New York, January 30, 2026, 14:25 EST — Regular session
- Shares of GE Aerospace climbed roughly 3% in afternoon trading, defying the weaker trend in the broader market
- Company plans to revise segment financials before releasing first-quarter earnings, following recent adjustments
- The filing reveals a $190.6 billion backlog in performance obligations and signals increased spending to boost engine shop capacity
GE Aerospace shares climbed 2.9% to $307.46 in Friday afternoon trading, hitting a session peak of $307.50 even as the broader market dipped. The stock fluctuated between $296.00 and $307.50, closing $8.60 higher than Thursday, on roughly 3.6 million shares traded.
This shift is crucial as investors scramble to determine how much of GE Aerospace’s growth stems from aircraft manufacturers ramping up engine deliveries versus airlines extending the life of older jets and shelling out for maintenance. Changing the way the company categorizes its businesses could quickly alter these comparisons.

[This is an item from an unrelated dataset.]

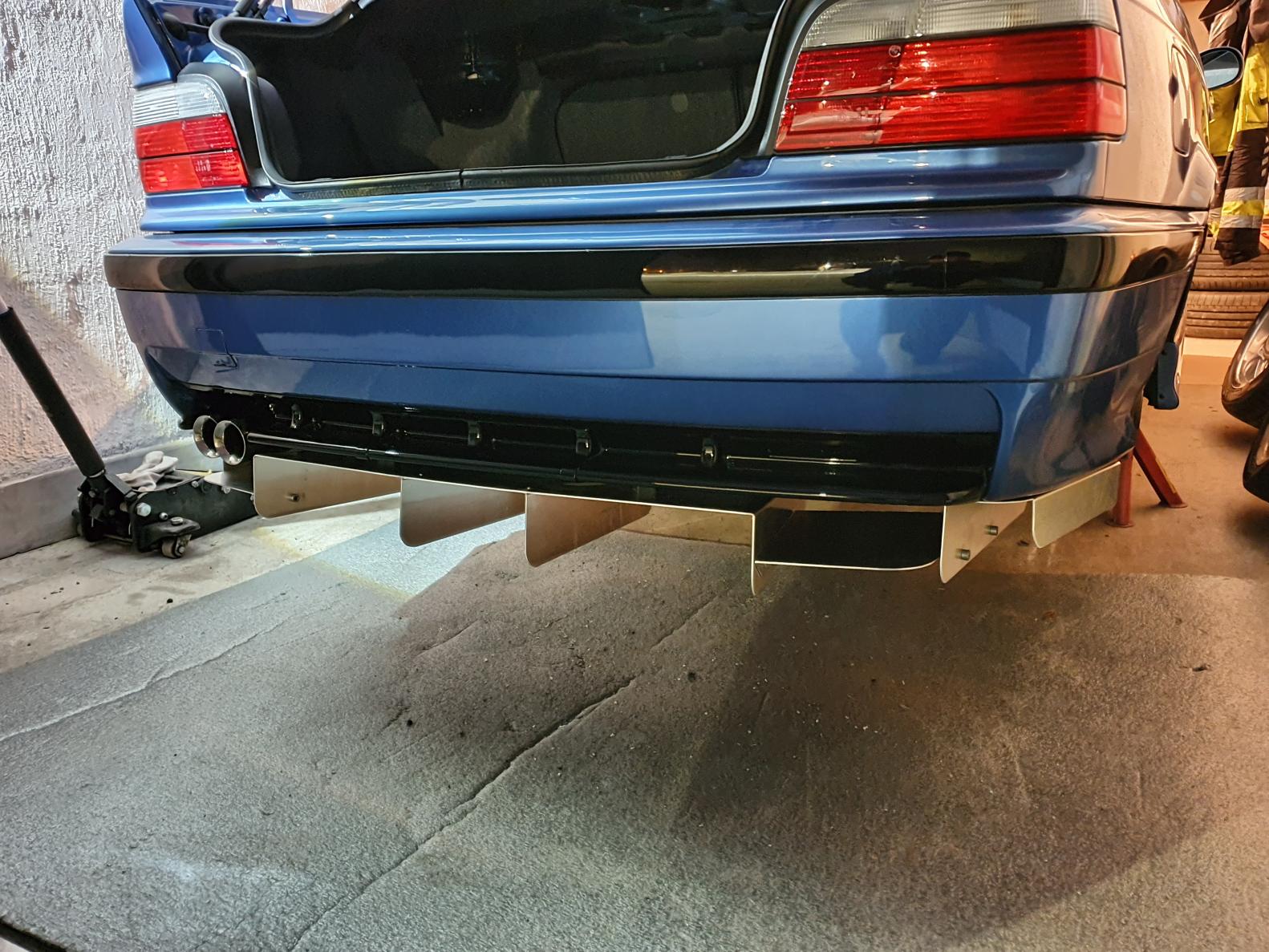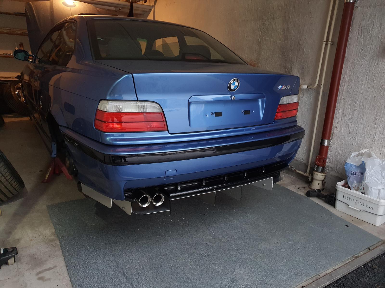Sopivuus E36 M takapuskurin kanssa alkuperäisen diffuusorin alapuolelle.

On Thursday, GE Aerospace released its 2025 annual report and filed its Form 10-K with the SEC. The company noted the filing doesn’t yet include the segment reorganization linked to recently announced changes. It plans to update segment financials before the first-quarter earnings report. CEO Larry Culp said “the compounding effect” of “minor, incremental changes” is now impacting operations. (GE Aerospace)
GE Aerospace’s 10-K revealed its remaining performance obligation — which combines unfilled equipment orders and projected revenue from long-term service contracts — climbed 11% to $190.6 billion as of Dec. 31, 2025. The company plans to pour $1 billion into boosting maintenance, repair, and overhaul (MRO) capacity, with $500 million earmarked to ramp up LEAP engine shop output. It also announced its annual shareholder meeting set for May 5. (GE Aerospace)
Traders are tracking two immediate factors: how the restated segment numbers shape up after the company reshuffles its divisions, and if supply chain improvements can sustain higher deliveries without overloading service shops. Pricing remains a key issue, particularly for parts and repair work, where airlines have been resisting hikes.
GE Aerospace’s biggest recent driver was its Jan. 22 forecast, projecting adjusted EPS of $7.10 to $7.40 in 2026 and expecting adjusted revenue to grow at a low double-digit pace. The company highlighted strength in the aftermarket — the term for parts and maintenance sold after engine delivery. Reuters noted that over 70% of GE’s commercial engine revenue comes from parts and services. (Reuters)
A read-across from peers helped lift sentiment. On Thursday, Honeywell posted stronger quarterly revenue and profit, noting that delays in aircraft deliveries are pushing airlines to keep jets in service longer, which raises demand for high-margin parts and maintenance. (Reuters)
Still, the downside risks remain. GE Aerospace flagged ongoing supply chain issues and inflation as potential drags. Engine shortages and reliability woes across the sector have pushed airline expenses higher, intensifying disputes over maintenance costs.
Any slip in air travel demand or a delay in deliveries from key customers and suppliers would first hit the “equipment” segment of the business. Investors could also face a stretch of choppy comparisons as the company reorganizes how it reports results.
The market’s focus now shifts to the upcoming recast segment financials before first-quarter earnings, looking to see if management offers clearer insight into services growth separate from new-engine deliveries. The annual meeting on May 5 will be the next key date to watch.